Exercise aim:
Could you give the entries back exactly as they stand, minus any pictures?

Records supplied:
------------
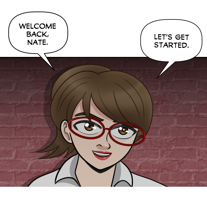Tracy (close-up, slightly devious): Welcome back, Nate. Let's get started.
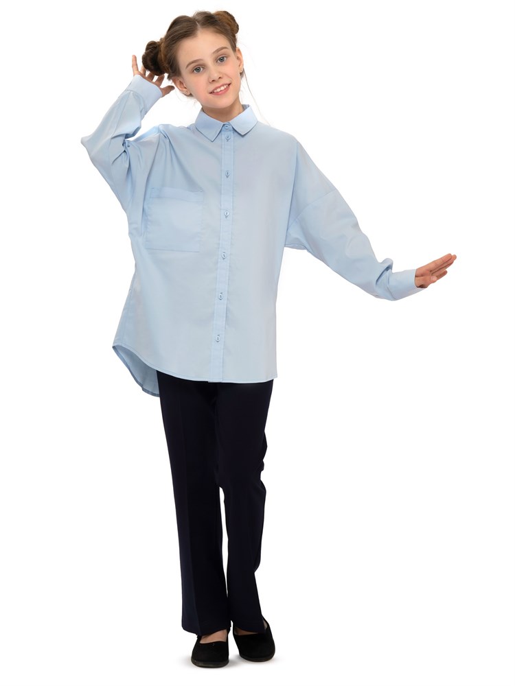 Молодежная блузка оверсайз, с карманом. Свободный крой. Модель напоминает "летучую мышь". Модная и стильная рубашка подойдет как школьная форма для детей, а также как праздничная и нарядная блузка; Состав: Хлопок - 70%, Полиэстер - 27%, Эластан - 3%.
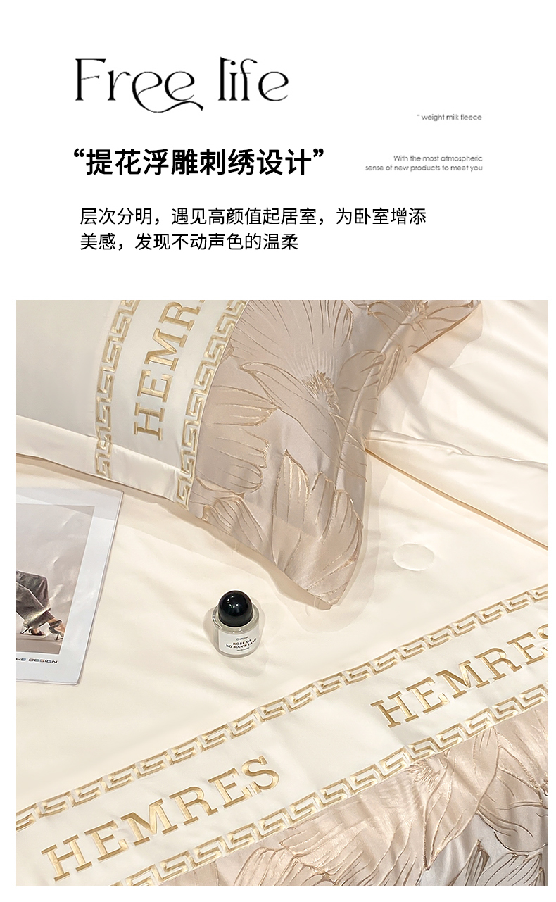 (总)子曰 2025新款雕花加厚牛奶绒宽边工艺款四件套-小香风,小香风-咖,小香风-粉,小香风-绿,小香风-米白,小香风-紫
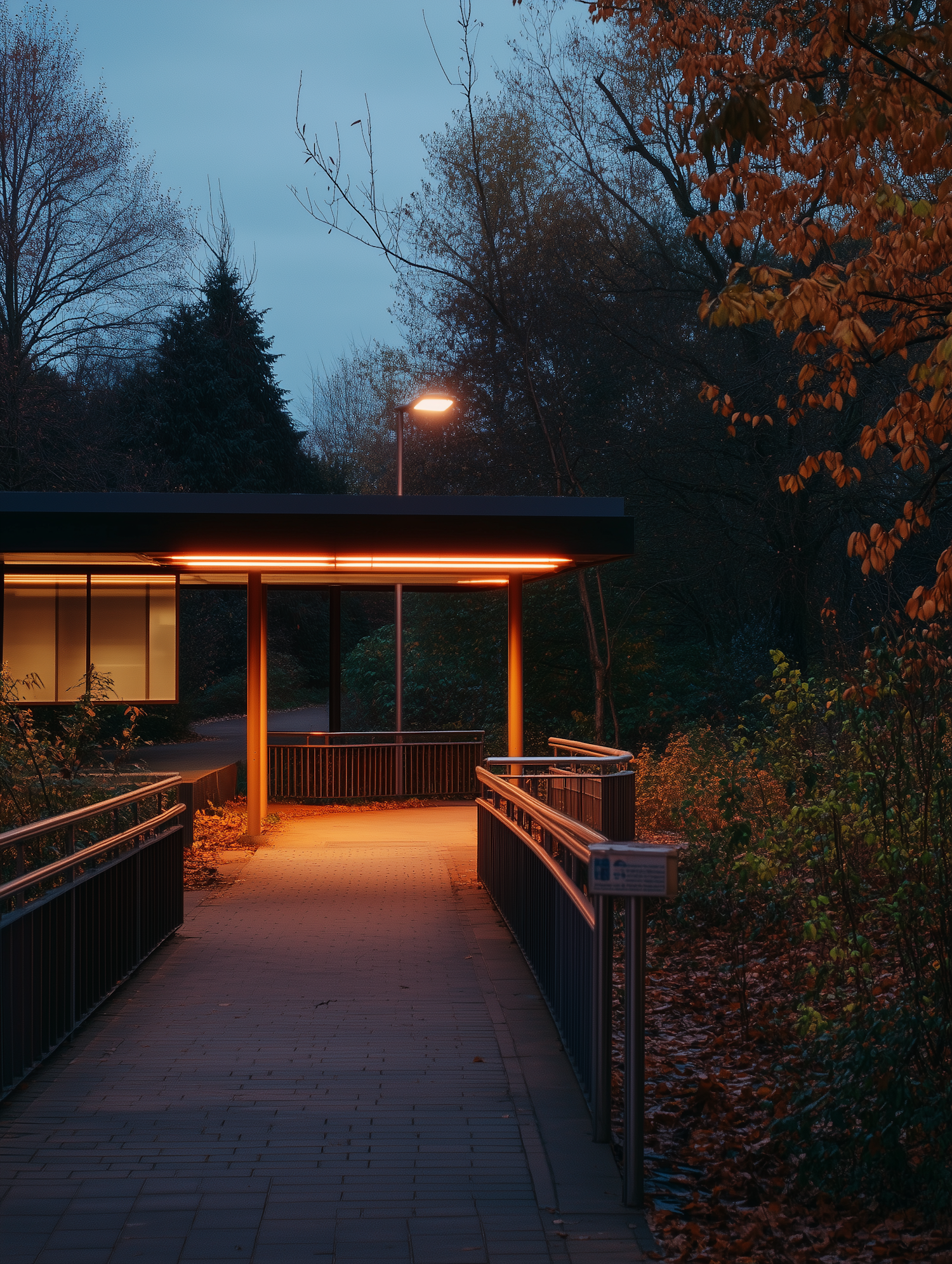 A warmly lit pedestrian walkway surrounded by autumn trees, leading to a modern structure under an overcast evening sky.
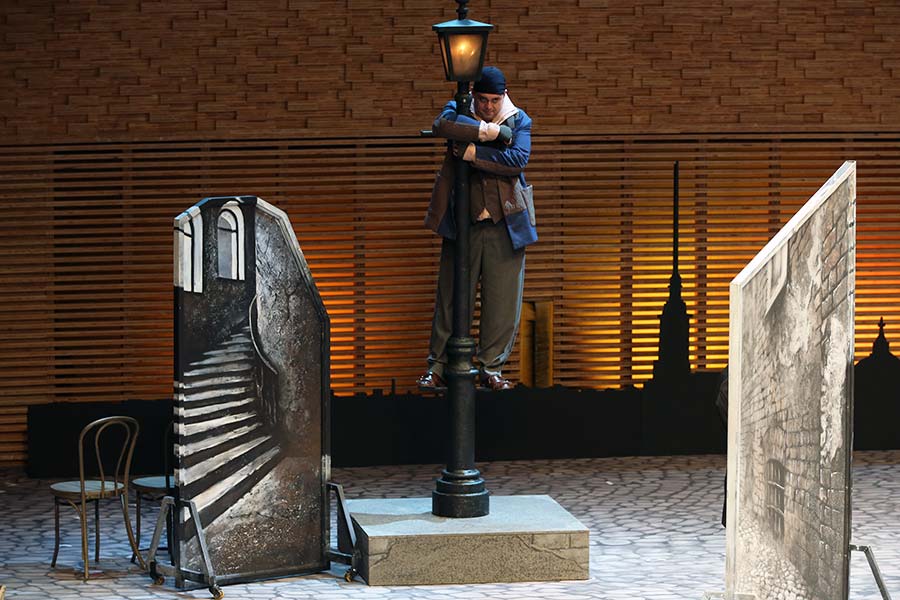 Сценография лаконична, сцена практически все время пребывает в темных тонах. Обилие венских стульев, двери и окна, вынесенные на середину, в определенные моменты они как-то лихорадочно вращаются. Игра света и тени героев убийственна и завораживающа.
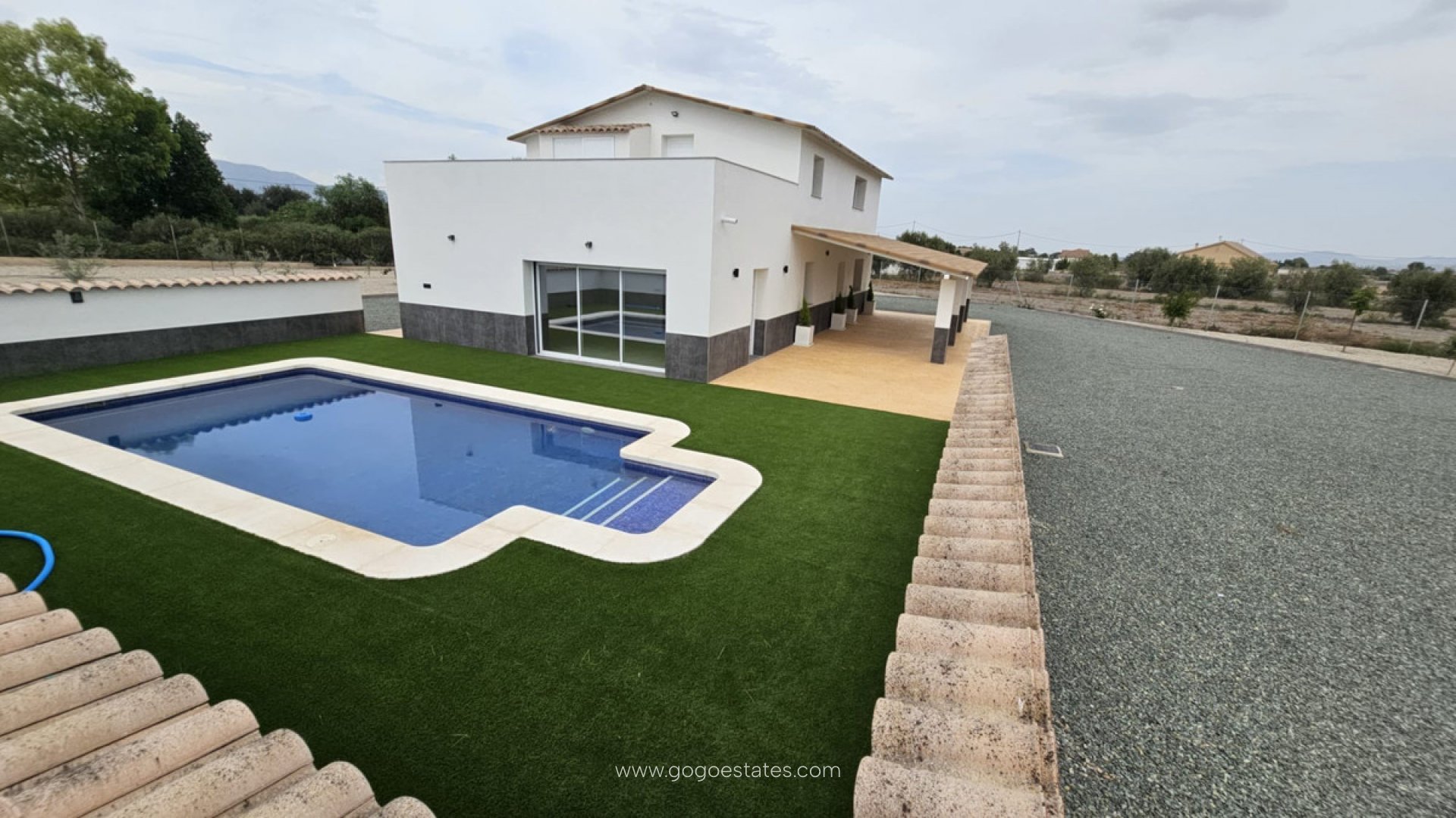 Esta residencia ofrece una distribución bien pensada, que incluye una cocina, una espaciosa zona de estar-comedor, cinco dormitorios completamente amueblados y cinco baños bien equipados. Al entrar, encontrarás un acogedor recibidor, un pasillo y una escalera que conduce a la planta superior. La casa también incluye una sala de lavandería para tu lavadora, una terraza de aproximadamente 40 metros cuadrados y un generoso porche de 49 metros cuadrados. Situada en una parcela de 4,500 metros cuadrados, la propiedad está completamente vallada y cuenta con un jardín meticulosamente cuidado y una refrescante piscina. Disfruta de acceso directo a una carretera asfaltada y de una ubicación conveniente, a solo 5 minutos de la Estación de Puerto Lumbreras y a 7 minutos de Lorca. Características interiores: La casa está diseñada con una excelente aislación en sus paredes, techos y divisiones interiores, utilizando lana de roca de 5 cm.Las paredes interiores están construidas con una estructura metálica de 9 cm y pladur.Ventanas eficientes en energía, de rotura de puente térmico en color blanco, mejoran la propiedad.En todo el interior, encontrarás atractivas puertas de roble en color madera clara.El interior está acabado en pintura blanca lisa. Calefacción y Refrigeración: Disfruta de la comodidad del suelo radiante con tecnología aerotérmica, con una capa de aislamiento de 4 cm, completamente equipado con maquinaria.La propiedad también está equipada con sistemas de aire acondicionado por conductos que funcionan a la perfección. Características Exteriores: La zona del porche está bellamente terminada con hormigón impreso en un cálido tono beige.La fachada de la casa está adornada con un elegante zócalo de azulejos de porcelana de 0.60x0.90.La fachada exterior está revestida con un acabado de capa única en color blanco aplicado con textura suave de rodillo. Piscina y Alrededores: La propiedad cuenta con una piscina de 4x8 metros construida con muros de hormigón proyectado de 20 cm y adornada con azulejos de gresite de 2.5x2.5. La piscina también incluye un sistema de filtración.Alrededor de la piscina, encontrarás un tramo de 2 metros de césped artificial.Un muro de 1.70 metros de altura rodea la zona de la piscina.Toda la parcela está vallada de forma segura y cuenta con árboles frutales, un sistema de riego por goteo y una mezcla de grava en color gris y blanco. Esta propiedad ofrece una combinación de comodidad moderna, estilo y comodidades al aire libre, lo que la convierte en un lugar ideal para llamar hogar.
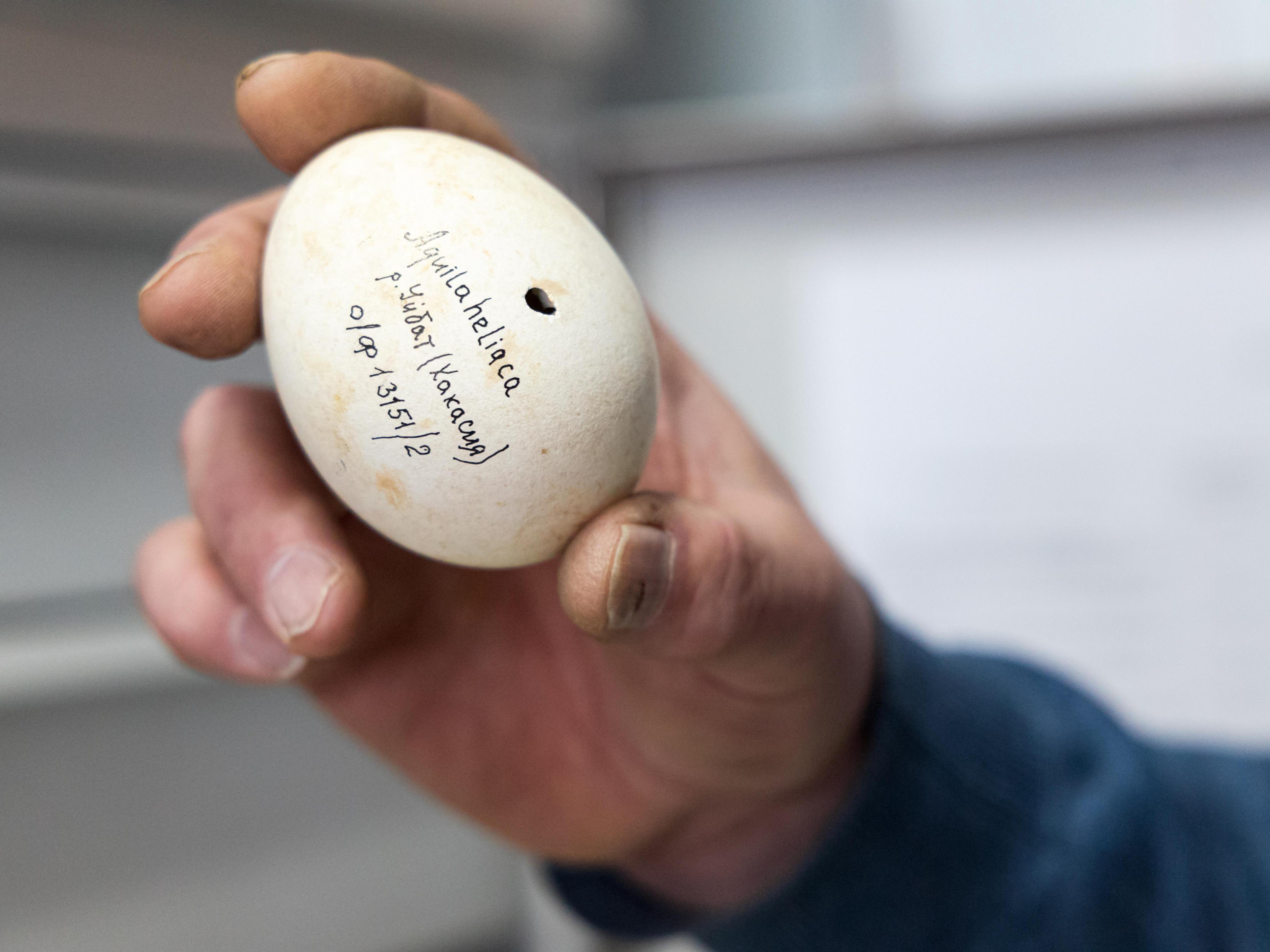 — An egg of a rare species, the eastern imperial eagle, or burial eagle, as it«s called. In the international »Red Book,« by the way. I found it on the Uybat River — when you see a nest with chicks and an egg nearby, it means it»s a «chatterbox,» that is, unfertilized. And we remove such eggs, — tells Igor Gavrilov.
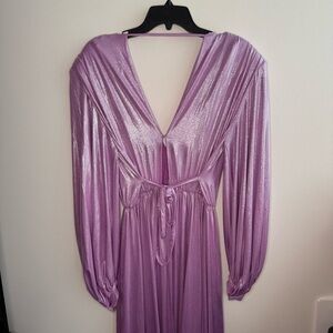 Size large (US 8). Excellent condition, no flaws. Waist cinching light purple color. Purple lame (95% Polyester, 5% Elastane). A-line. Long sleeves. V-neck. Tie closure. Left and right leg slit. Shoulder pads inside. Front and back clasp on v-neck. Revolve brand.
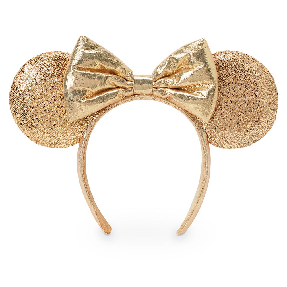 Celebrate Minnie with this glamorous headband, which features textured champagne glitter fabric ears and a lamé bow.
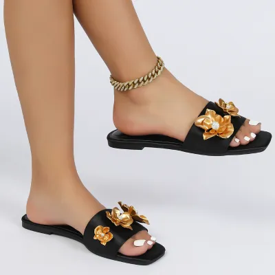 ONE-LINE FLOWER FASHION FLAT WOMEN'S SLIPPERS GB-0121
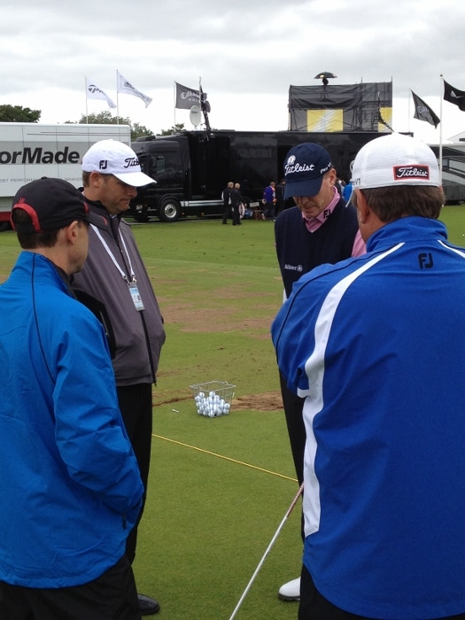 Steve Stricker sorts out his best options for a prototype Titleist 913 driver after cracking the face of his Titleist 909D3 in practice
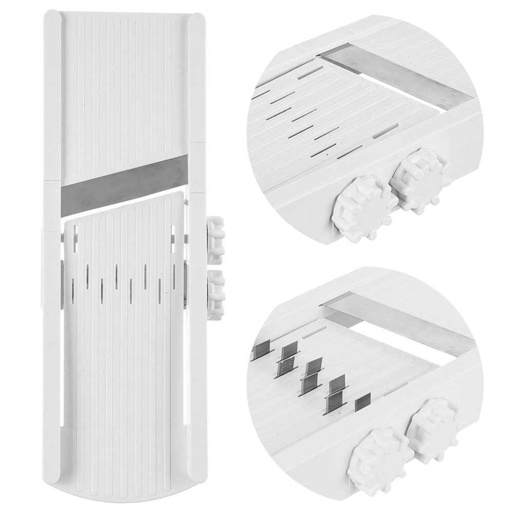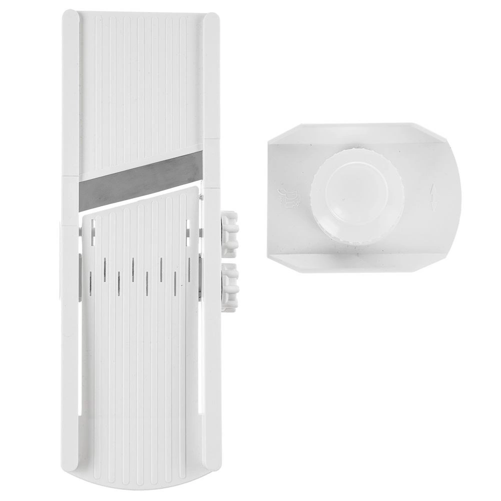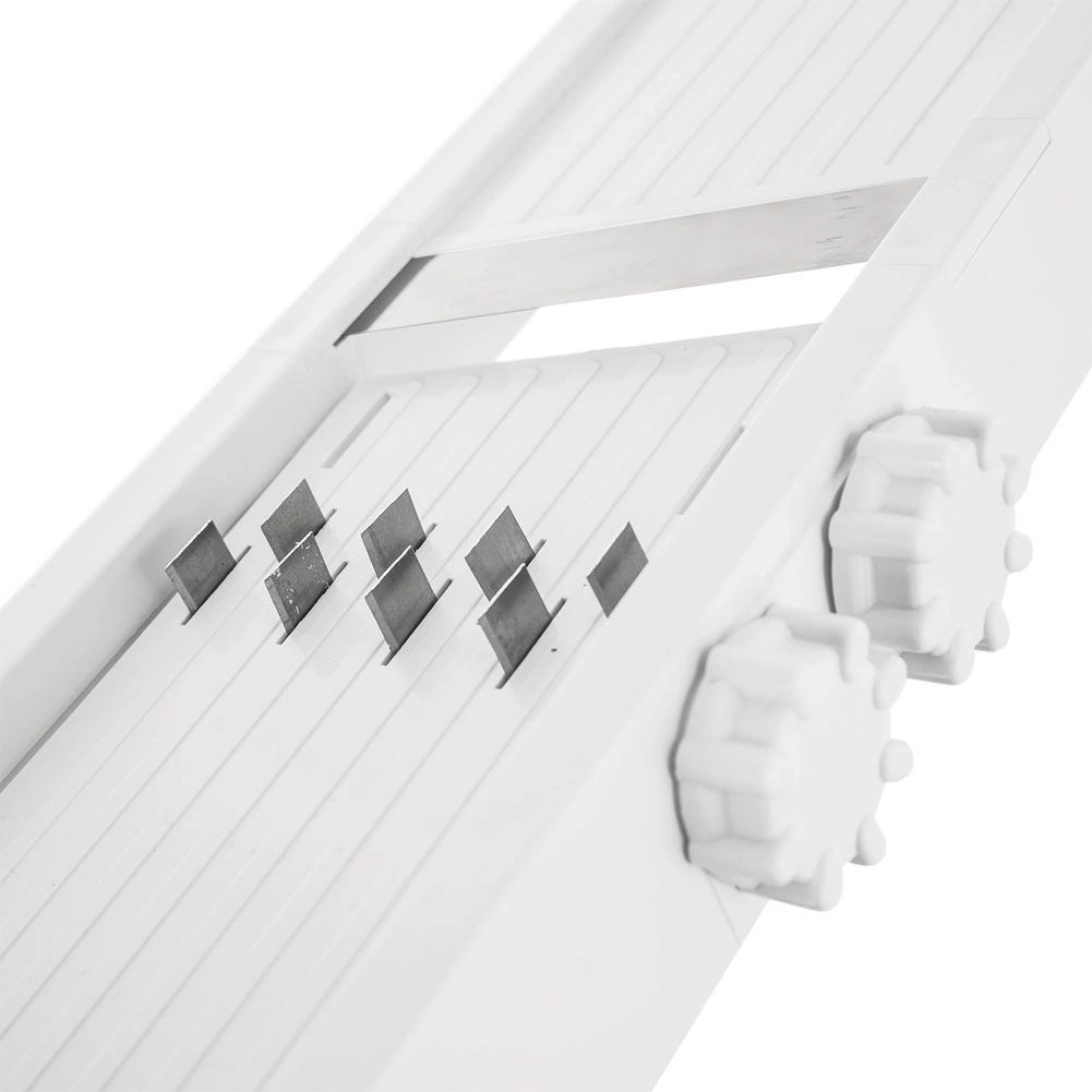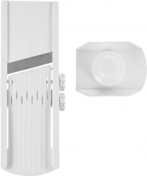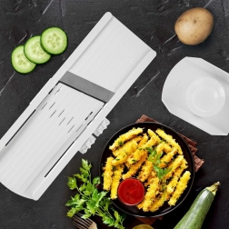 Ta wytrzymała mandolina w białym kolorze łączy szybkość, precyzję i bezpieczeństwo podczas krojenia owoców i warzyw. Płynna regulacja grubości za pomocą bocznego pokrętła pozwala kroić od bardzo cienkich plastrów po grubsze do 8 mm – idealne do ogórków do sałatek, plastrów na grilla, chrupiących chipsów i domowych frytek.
------------
Answer to this exercise:
Tracy (close-up, slightly devious): Welcome back, Nate. Let's get started.
 Молодежная блузка оверсайз, с карманом. Свободный крой. Модель напоминает "летучую мышь". Модная и стильная рубашка подойдет как школьная форма для детей, а также как праздничная и нарядная блузка; Состав: Хлопок - 70%, Полиэстер - 27%, Эластан - 3%.
 (总)子曰 2025新款雕花加厚牛奶绒宽边工艺款四件套-小香风,小香风-咖,小香风-粉,小香风-绿,小香风-米白,小香风-紫
 A warmly lit pedestrian walkway surrounded by autumn trees, leading to a modern structure under an overcast evening sky.
 Сценография лаконична, сцена практически все время пребывает в темных тонах. Обилие венских стульев, двери и окна, вынесенные на середину, в определенные моменты они как-то лихорадочно вращаются. Игра света и тени героев убийственна и завораживающа.
 Esta residencia ofrece una distribución bien pensada, que incluye una cocina, una espaciosa zona de estar-comedor, cinco dormitorios completamente amueblados y cinco baños bien equipados. Al entrar, encontrarás un acogedor recibidor, un pasillo y una escalera que conduce a la planta superior. La casa también incluye una sala de lavandería para tu lavadora, una terraza de aproximadamente 40 metros cuadrados y un generoso porche de 49 metros cuadrados. Situada en una parcela de 4,500 metros cuadrados, la propiedad está completamente vallada y cuenta con un jardín meticulosamente cuidado y una refrescante piscina. Disfruta de acceso directo a una carretera asfaltada y de una ubicación conveniente, a solo 5 minutos de la Estación de Puerto Lumbreras y a 7 minutos de Lorca. Características interiores: La casa está diseñada con una excelente aislación en sus paredes, techos y divisiones interiores, utilizando lana de roca de 5 cm.Las paredes interiores están construidas con una estructura metálica de 9 cm y pladur.Ventanas eficientes en energía, de rotura de puente térmico en color blanco, mejoran la propiedad.En todo el interior, encontrarás atractivas puertas de roble en color madera clara.El interior está acabado en pintura blanca lisa. Calefacción y Refrigeración: Disfruta de la comodidad del suelo radiante con tecnología aerotérmica, con una capa de aislamiento de 4 cm, completamente equipado con maquinaria.La propiedad también está equipada con sistemas de aire acondicionado por conductos que funcionan a la perfección. Características Exteriores: La zona del porche está bellamente terminada con hormigón impreso en un cálido tono beige.La fachada de la casa está adornada con un elegante zócalo de azulejos de porcelana de 0.60x0.90.La fachada exterior está revestida con un acabado de capa única en color blanco aplicado con textura suave de rodillo. Piscina y Alrededores: La propiedad cuenta con una piscina de 4x8 metros construida con muros de hormigón proyectado de 20 cm y adornada con azulejos de gresite de 2.5x2.5. La piscina también incluye un sistema de filtración.Alrededor de la piscina, encontrarás un tramo de 2 metros de césped artificial.Un muro de 1.70 metros de altura rodea la zona de la piscina.Toda la parcela está vallada de forma segura y cuenta con árboles frutales, un sistema de riego por goteo y una mezcla de grava en color gris y blanco. Esta propiedad ofrece una combinación de comodidad moderna, estilo y comodidades al aire libre, lo que la convierte en un lugar ideal para llamar hogar.
 — An egg of a rare species, the eastern imperial eagle, or burial eagle, as it«s called. In the international »Red Book,« by the way. I found it on the Uybat River — when you see a nest with chicks and an egg nearby, it means it»s a «chatterbox,» that is, unfertilized. And we remove such eggs, — tells Igor Gavrilov.
 Size large (US 8). Excellent condition, no flaws. Waist cinching light purple color. Purple lame (95% Polyester, 5% Elastane). A-line. Long sleeves. V-neck. Tie closure. Left and right leg slit. Shoulder pads inside. Front and back clasp on v-neck. Revolve brand.
 Celebrate Minnie with this glamorous headband, which features textured champagne glitter fabric ears and a lamé bow.
 ONE-LINE FLOWER FASHION FLAT WOMEN'S SLIPPERS GB-0121
 Steve Stricker sorts out his best options for a prototype Titleist 913 driver after cracking the face of his Titleist 909D3 in practice
 Ta wytrzymała mandolina w białym kolorze łączy szybkość, precyzję i bezpieczeństwo podczas krojenia owoców i warzyw. Płynna regulacja grubości za pomocą bocznego pokrętła pozwala kroić od bardzo cienkich plastrów po grubsze do 8 mm – idealne do ogórków do sałatek, plastrów na grilla, chrupiących chipsów i domowych frytek.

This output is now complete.